● Problem: Set down a faithful copy of every record below, with no images.

● Data listing:
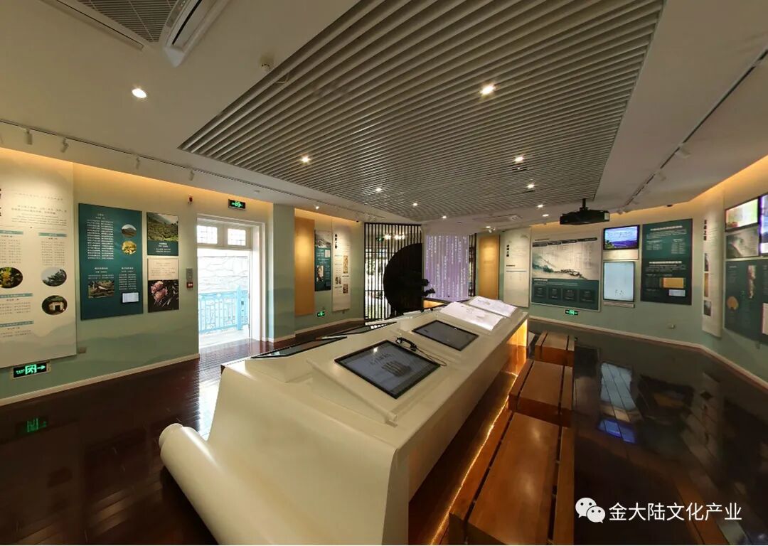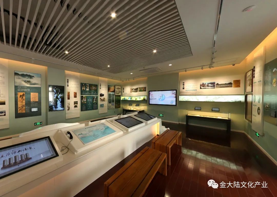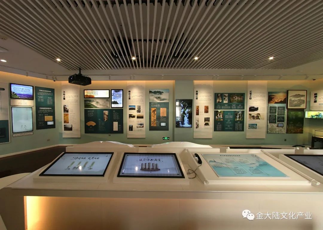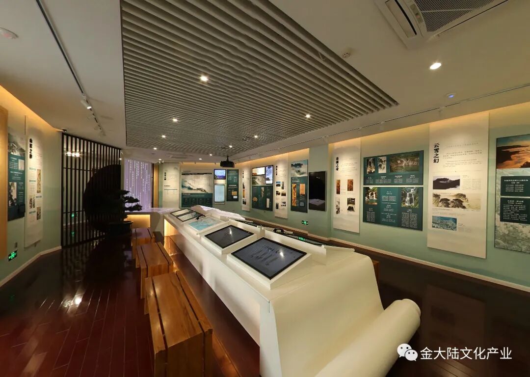 设计师在有限的空间中进行设计,大量使用查询、互动等多媒体手段,特别是中间区域设计的 “汉白玉大书”等艺术造型,不但将展陈设计的精致悦目,而且良好的表现出了庐山博大精深的文化内涵。
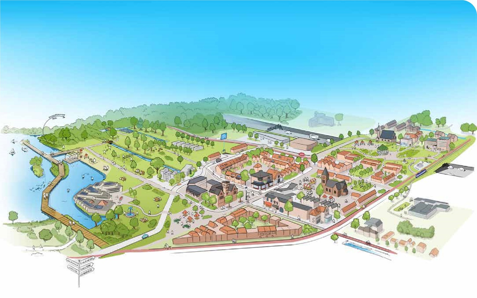 De afbeeldingen in deze gebiedsvisie zijn een artistieke interpretatie of referenties en dienen niet te worden beschouwd als een werkelijke weergave. De inhoud is uitsluitend bedoeld voor illustratieve doeleinden. Wij aanvaarden geen aansprakelijkheid voor enige misverstanden of schade die voortvloeit uit het gebruik van deze afbeeldingen.
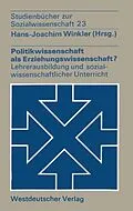 Inhalt Die Politikwissenschaft im allgemeinen Teil der Lehrerausbildung. Entwicklung und Tendenzen.- Politikwissenschaft in der allgemeinen Lehrerausbildung. Ein Defizit und seine Uberwindung.- Die Stellung der Politikwissenschaft im grundwissenschaftlichen Le...
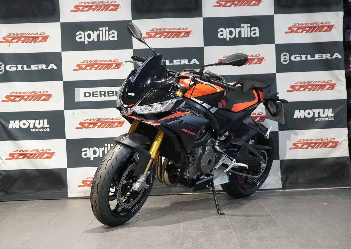 Mit einem Gewicht von nur 181 kg und einem Zweizylindermotor mit 105 PS bietet die Aprilia Tuono 660 Factory ein in ihrer Kategorie absolut vorbildliches Leistungsgewicht. Die Verbrennungen sind asymmetrisch und um 270° versetzt, um unregelmäßige Explosionen und damit einen Sound zu erzeugen, der einem V-Twin ähnelt. Der Rahmen und die Schwinge aus Aluminium mit exquisiter Racing-Abstammung arbeiten perfekt mit den einstellbaren Öhlins Federelementen zusammen und bieten zusätzliche Stabilität, Kontrolle und Handhabung. Das Endergebnis ist ein Motorrad, das immer spritzig ist und Emotionen weckt und mit dem du dich bei jeder Fahrt wie ein echter Racer fühlst.
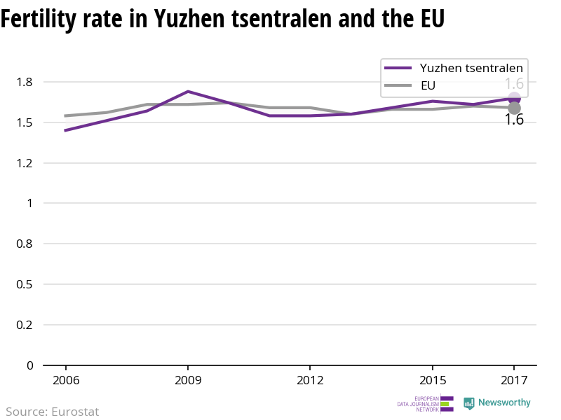 Yuzhen tsentralen has a fertility rate that is about the same as the European average, as each woman gives birth to on average 1.65 children, based on the latest figures from 2017. Since 2012, the fertility rate has increased from 1.54 children per woman.

● Task result:
 设计师在有限的空间中进行设计,大量使用查询、互动等多媒体手段,特别是中间区域设计的 “汉白玉大书”等艺术造型,不但将展陈设计的精致悦目,而且良好的表现出了庐山博大精深的文化内涵。
 De afbeeldingen in deze gebiedsvisie zijn een artistieke interpretatie of referenties en dienen niet te worden beschouwd als een werkelijke weergave. De inhoud is uitsluitend bedoeld voor illustratieve doeleinden. Wij aanvaarden geen aansprakelijkheid voor enige misverstanden of schade die voortvloeit uit het gebruik van deze afbeeldingen.
 Inhalt Die Politikwissenschaft im allgemeinen Teil der Lehrerausbildung. Entwicklung und Tendenzen.- Politikwissenschaft in der allgemeinen Lehrerausbildung. Ein Defizit und seine Uberwindung.- Die Stellung der Politikwissenschaft im grundwissenschaftlichen Le...
 Mit einem Gewicht von nur 181 kg und einem Zweizylindermotor mit 105 PS bietet die Aprilia Tuono 660 Factory ein in ihrer Kategorie absolut vorbildliches Leistungsgewicht. Die Verbrennungen sind asymmetrisch und um 270° versetzt, um unregelmäßige Explosionen und damit einen Sound zu erzeugen, der einem V-Twin ähnelt. Der Rahmen und die Schwinge aus Aluminium mit exquisiter Racing-Abstammung arbeiten perfekt mit den einstellbaren Öhlins Federelementen zusammen und bieten zusätzliche Stabilität, Kontrolle und Handhabung. Das Endergebnis ist ein Motorrad, das immer spritzig ist und Emotionen weckt und mit dem du dich bei jeder Fahrt wie ein echter Racer fühlst.
 Yuzhen tsentralen has a fertility rate that is about the same as the European average, as each woman gives birth to on average 1.65 children, based on the latest figures from 2017. Since 2012, the fertility rate has increased from 1.54 children per woman.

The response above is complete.